TLR7 Modulated the Responses of Hepatic Macrophages
To further explore the role of TLR7 in modulating the immune response of macrophages in the livers of S. japonicum-infected mice, hepatic lymphocytes were isolated from both naive and infected WT and TLR7 KO mice 5-6 weeks after infection. The percentage of F4/80+CD11b+ macrophages was first compared. As shown in Figures 3A, B, the results indicated that although the percentage of macrophages was not increased significantly in the liver after S. japonicum infection (P > 0.05), the absolute numbers of macrophages in the liver markedly increased (P < 0.05). This result suggested that macrophages were involved in S. japonicum infection-induced hepatic inflammation. However, the percentage of macrophages in the livers of infected TLR7 KO mice was higher than that in the livers of infected WT mice (P < 0.05), and there was no significant difference in the absolute number of macrophages between infected WT and infected TLR7 KO mice (P > 0.05). This implied that TLR7 did not directly affect the expansion of hepatic macrophages.
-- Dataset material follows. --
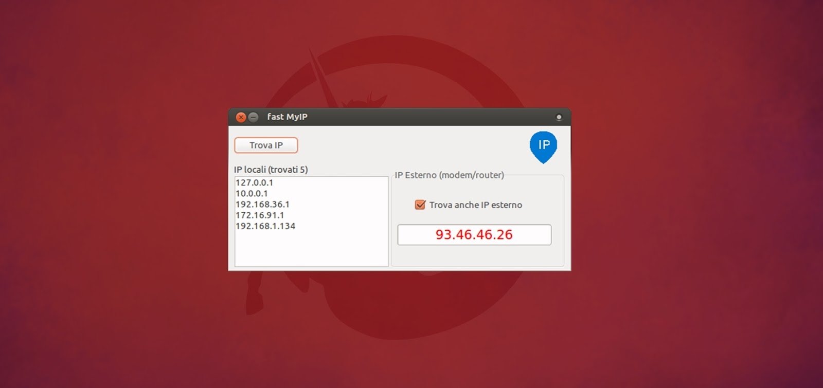 Per gli utenti che non amano molto operare sul terminale Linux, è disponibile FAST MyIP, utile software per Linux, Windows e Android con il quale potremo avere informazioni sull’indirizzo IP locale (compreso IPv4 e IPv6) e pubblico con un semplice click.

Figure 3 The function of liver macrophages during S. japonicum infection. WT and TLR7 KO mice were infected by S. japonicum. Five to six weeks later, livers were dissected out. Single-cell suspensions were separated from WT and KO mice before and after infection and stained with monoclonal antibodies against mouse F4/80, CD11b, CD80, and CD86. The expression of IL-4, IL-6, IL-10 and IL-12 was detected by intracellular cytokine staining. The strategy of gating macrophages is shown, and representative graphs of the expression of CD80 and CD86 in macrophages from WT and KO mice before and after infection are shown (A). The percentage and absolute number of macrophages were compared between WT and KO mice before and after infection (B). The expression of CD80 and CD80 was statistically analysed (C). Gated on macrophages, the expression of IL-4, IL-6, IL-10 and IL-12 was detected. Representative graphs and statistical analyses are shown (D, E). Data were obtained from three independent experiments with 6-8 mice in each group, shown as the mean ± SEM. Statistical significance was determined by Student’s t test, “ns” means no sense, *P < 0.05, **P < 0.01, and ***P < 0.001.
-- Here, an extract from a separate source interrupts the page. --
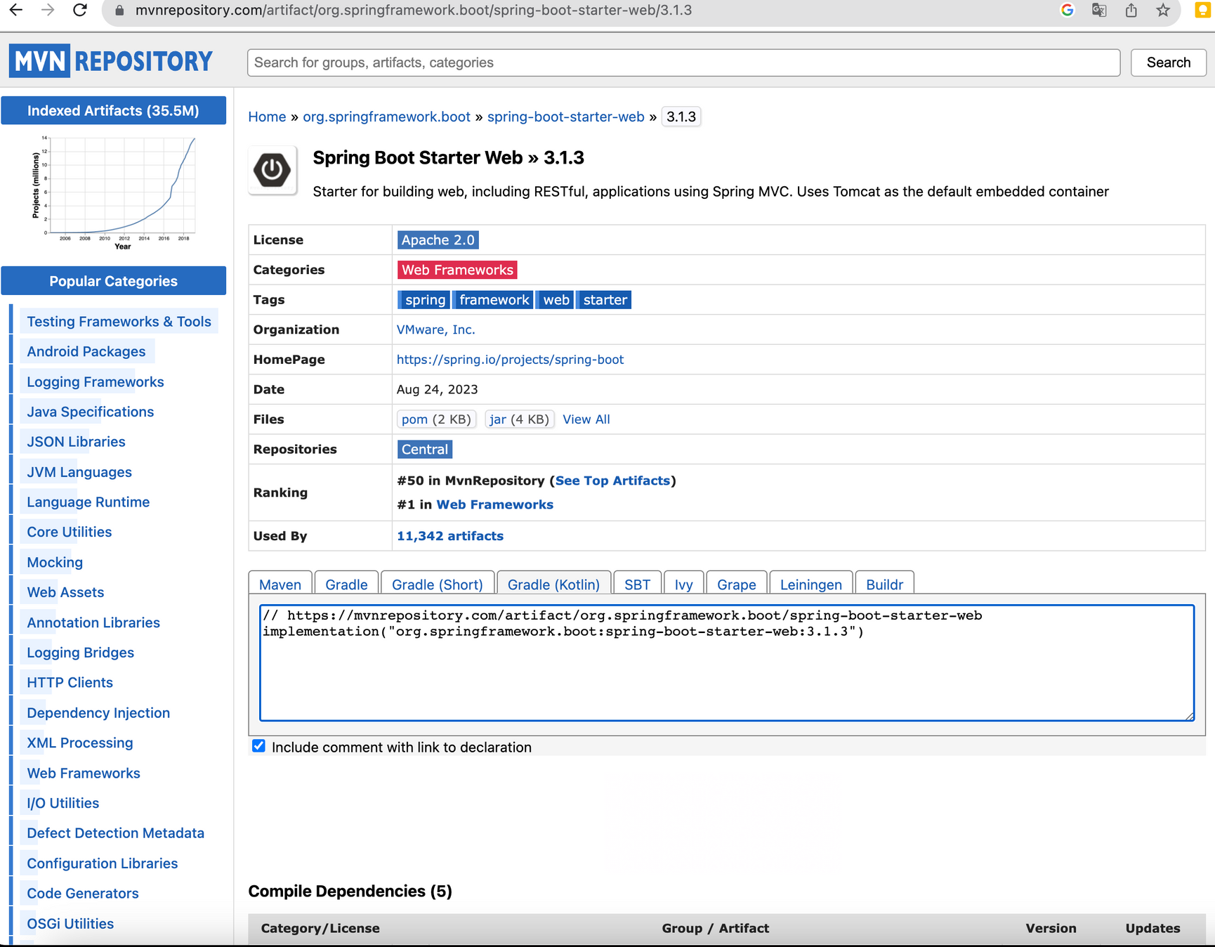 implementation("org.springframework.boot:spring-boot-starter-web:3.1.3")

In addition, the expression of costimulators CD80 and CD86 was detected on the surface of macrophages. As shown in Figures 3A, C, the results indicated that the expression of CD86 in infected mice significantly increased compared to that in naive mice (P < 0.05), and the expression of CD86 in infected TLR7 KO mice was significantly lower than that in infected WT mice (P < 0.05). However, the changes in the expression of CD80 were not significant, either before and after infection or between WT-infected and KO mice (P > 0.05).
Moreover, cells were stimulated by PMA and ionomycin, and the secretion of IL-6, IL-12, IL-10, and IL-4 was also detected by intracellular cytokine staining. As shown in Figures 3D, E, the results indicated that the secretion of these cytokines was increased significantly, especially IL-4, which increased from 10% to approximately 50% (P < 0.05). Compared with infected WT mice, infected KO mice exhibited significantly reduced secretion of these cytokines, except for IL-6 (P < 0.05).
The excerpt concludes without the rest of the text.